Answer:
Null hypothesis: H0 = 0.50
Alternative hypothesis: Ha < 0.50
z = -3.16
P value = P(Z<-3.16) = 0.0008
Decision we reject the null hypothesis and accept the alternative hypothesis. That is, there is convincing evidence that fewer than half of adult Americans would favor the drafting of women.
Rule
If;
P-value > significance level --- accept Null hypothesis
P-value < significance level --- reject Null hypothesis
Z score > Z(at 95% confidence interval) ---- reject Null hypothesis
Z score < Z(at 95% confidence interval) ------ accept Null hypothesis
Explanation:
Given;
n=1000 represent the random sample taken
Null hypothesis: H0 = 0.50
Alternative hypothesis: Ha < 0.50
Test statistic z score can be calculated with the formula below;
z = (p^−po)/√{po(1−po)/n}
Where,
z= Test statistics
n = Sample size = 1000
po = Null hypothesized value = 0.50
p^ = Observed proportion = 0.45
Substituting the values we have
z = (0.45-0.50)/√{0.50(1-0.50)/1000}
z = -3.16
z = -3.16
To determine the p value (test statistic) at 0.05 significance level, using a one tailed hypothesis.

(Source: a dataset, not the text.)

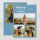 Modern and whimsical graduation announcement photo card featuring 3 photos on the front with a text that says "Honoring a bright future." Add the graduate's name, information, and message to personalize this card. Denim blue background.

P value = P(Z<-3.16) = 0.0008
Since z at 0.05 significance level is between -1.96 and +1.96 and the z score for the test (z = -3.16) which doesn't falls with the region bounded by Z at 0.05 significance level. And also the one-tailed hypothesis P-value is 0.0008 which is lower than 0.05. Then we can conclude that we have enough evidence to FAIL or reject the null hypothesis, and we can say that at 5% significance level the null hypothesis is invalid, therefore we accept the alternative hypothesis.